Finally, the main algorithm `learn_rules` takes as parameters list of columns, with the last column representing the class label, and the original data in form of pandas dataframe. Optionally, you should be able to specify the list of classes that you are interested to explore first. Two optional threshold parameters `min_coverage` and `min_accuracy` set up the conditions of rule's validity for a given dataset.

We had to implement the step where we make the data domain smaller, I just dropped by matching up the ID's of the two datasets. 

In [12]:
import pandas as pd
import numpy as np

    
    # We can pre-process to determine if something is a numeric trait. 
    # We'll use two rules here:
    # 1. If the Trait is all numeric
    # 2. If there are a certain number of unique oberservations
    #    in the dataset, say more than 10. 
    # 
    # Returns a Pandas Dataframe with the columns of `columns`
    # and a row of "type" with the proper type of the variable
def learn_categories(columns, data, min_threshold = 10):
    types = []
    cols = data.columns
    for column in cols:
        if data[column].dtype == 'int64' and len(data[column].unique()) >= min_threshold::
            types.append("numeric")
        else:
            types.append("categorical")

    colType = pd.DataFrame(columns = cols)

    colType.loc['type'] = types
    return colType
    
    
def learn_rules (columns, data, classes=None, 
    min_coverage = 30, min_accuracy = 0.6):
    # List of final rules
    rules = []
    
    # If list of classes of interest is not provided - it is extracted from the last column of data
    if classes is not None:
        class_labels = classes
    else:
        class_labels = data[columns[-1]].unique().tolist()

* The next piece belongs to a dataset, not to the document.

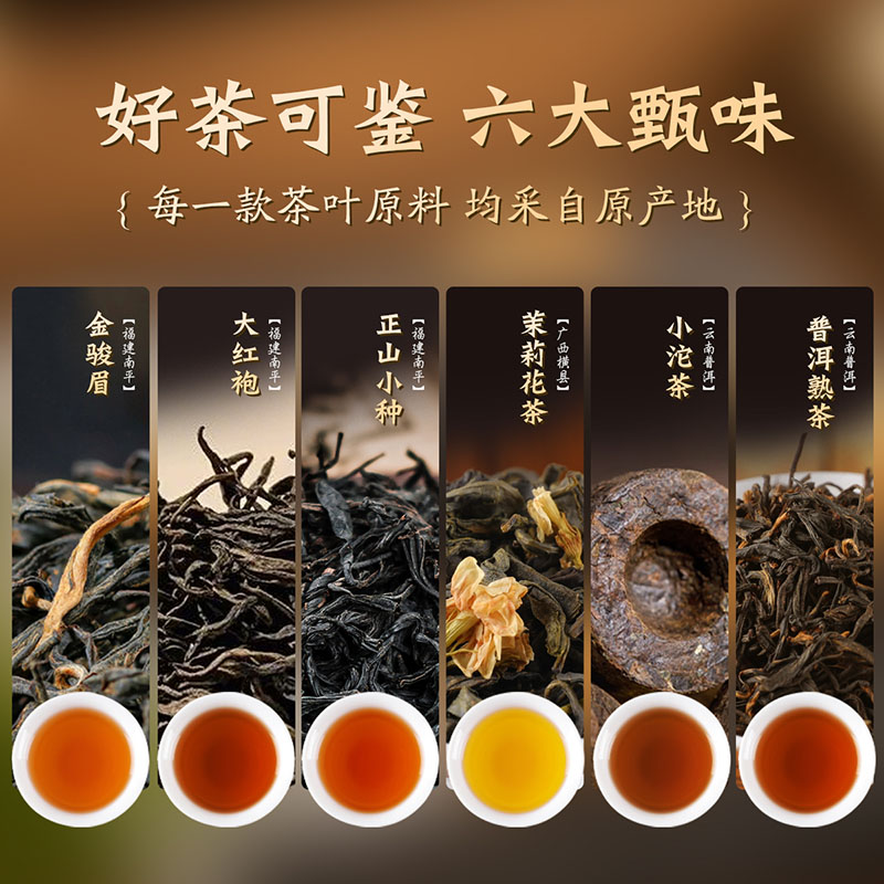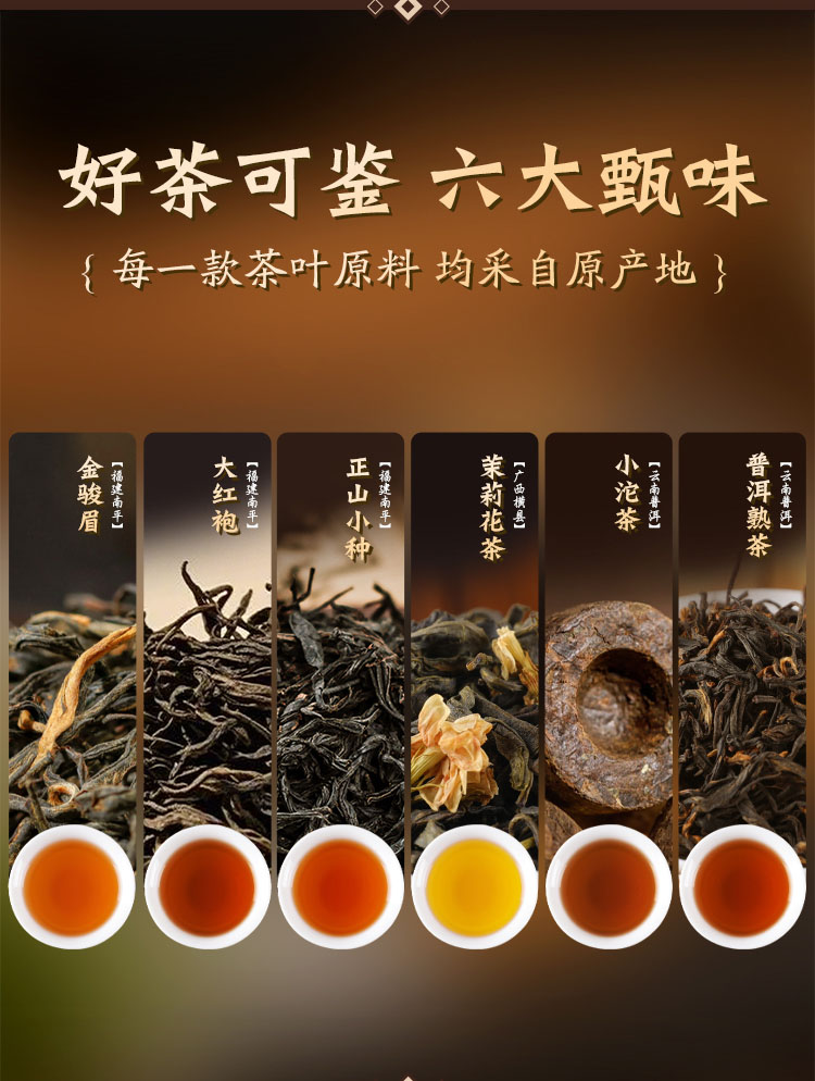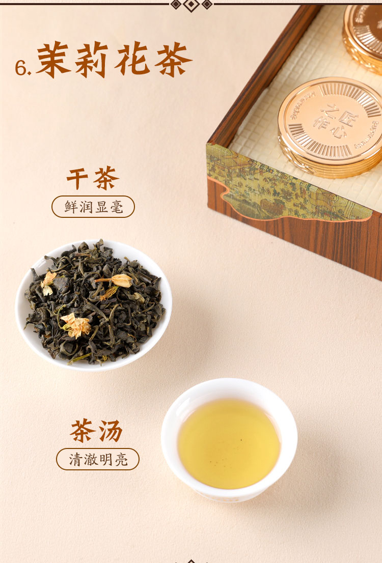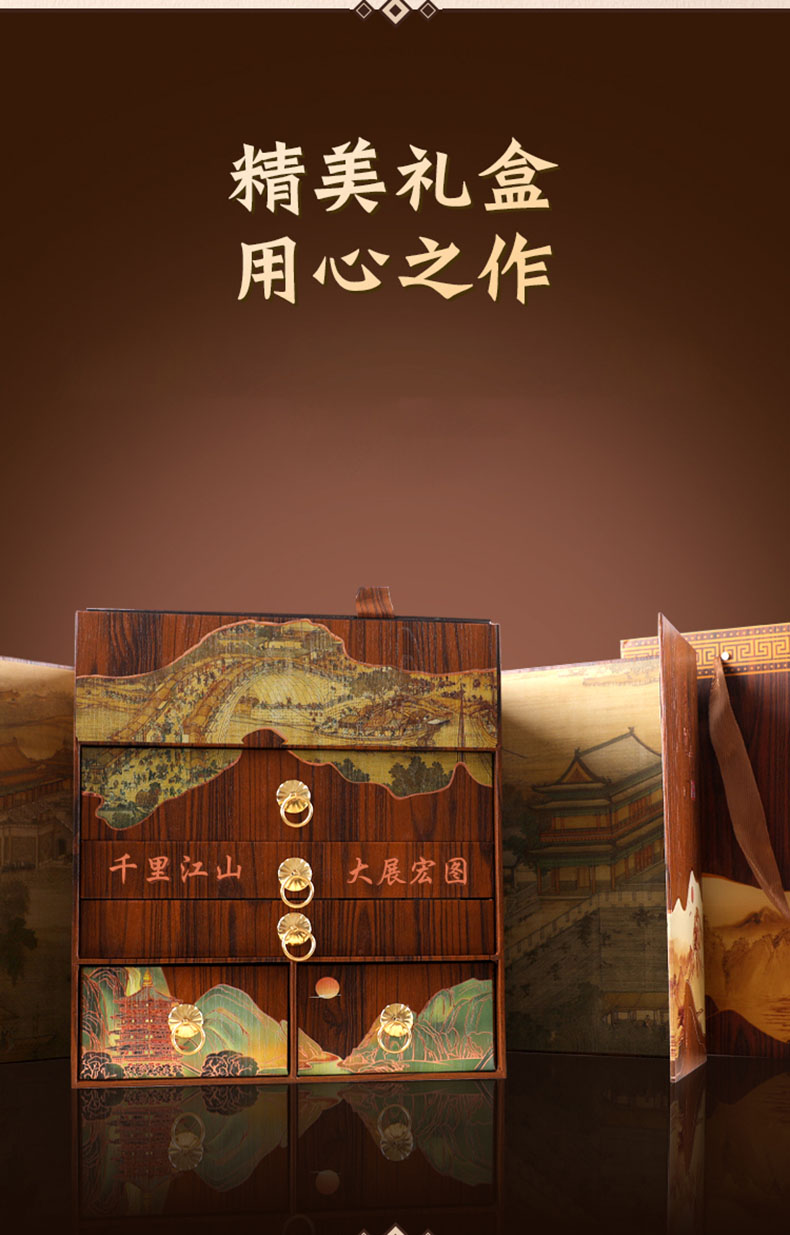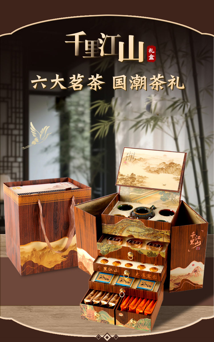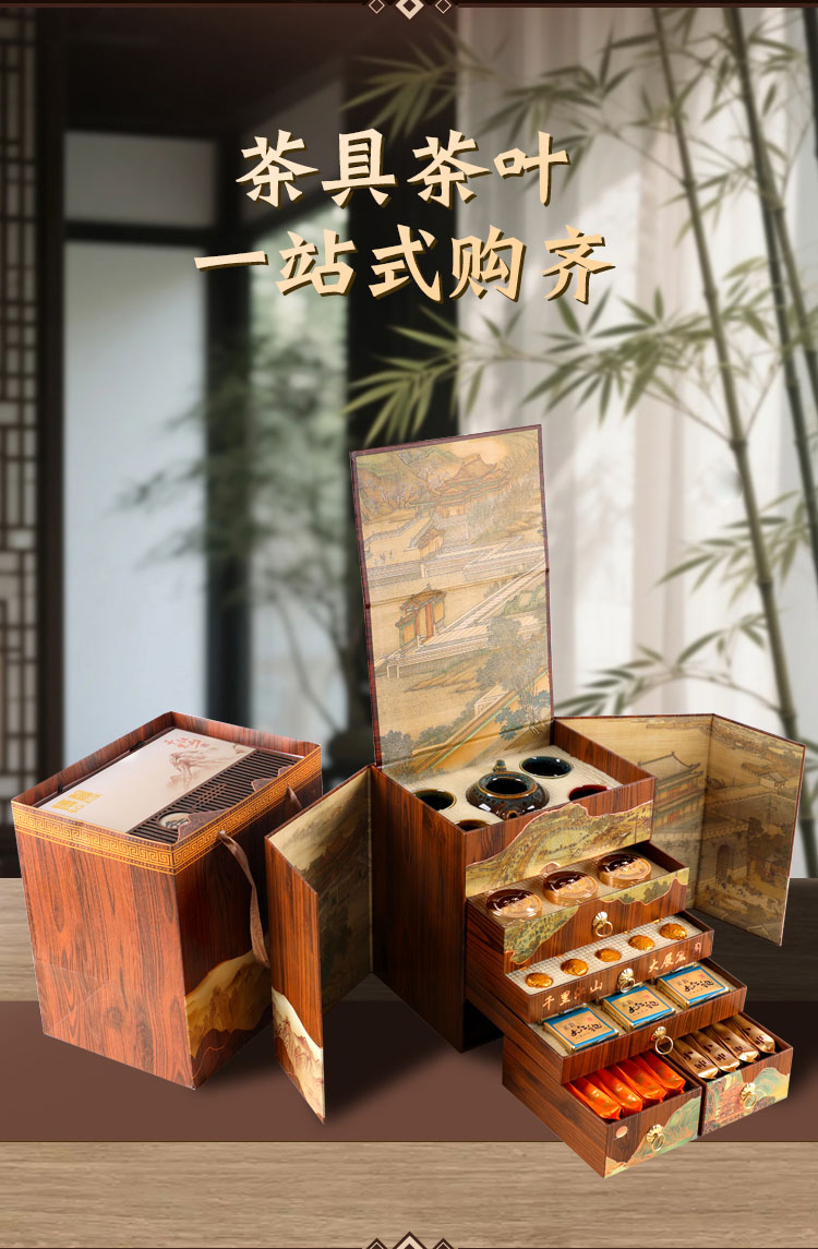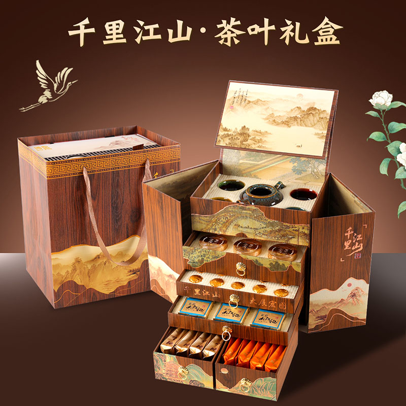 博馨 千里江山茶叶礼盒 大红袍 金骏眉 正山小种 茉莉花 小沱茶 普洱熟茶 精美礼盒装 内附精美茶具 单盒附赠手提袋 净含量:370g

    current_data = data.copy()

    # Get the Column types (categorical vs. numeric)
    colType = learn_categories(columns, data)

    
    
    # This follows the logic of the original PRISM algorithm
    # It processes each class in turn. 
    for class_label in class_labels:
        done = False
        while len(current_data) > min_coverage and not done:
            # Learn one rule 
            rule, subset = learn_one_rule(columns, current_data, class_label, min_coverage, min_accuracy, colType)
            
            # If the best rule does not pass the coverage threshold - we are done with this class
            if rule is None:
                break

            # If we get the rule with accuracy and coverage above threshold
            
            if rule.accuracy >= min_accuracy:
                rules.append(rule)

                # We're going to say that `subset` is the rows that need to be removed. 
                # We can drop by matching up the indices
                current_data = current_data.drop(index=subset.index)
                   
            else:
                done = True         
                
    return rules

## 3. Correctness test  

Made no changes to the code here!

Test your algorithm on the original dataset from the PRISM paper.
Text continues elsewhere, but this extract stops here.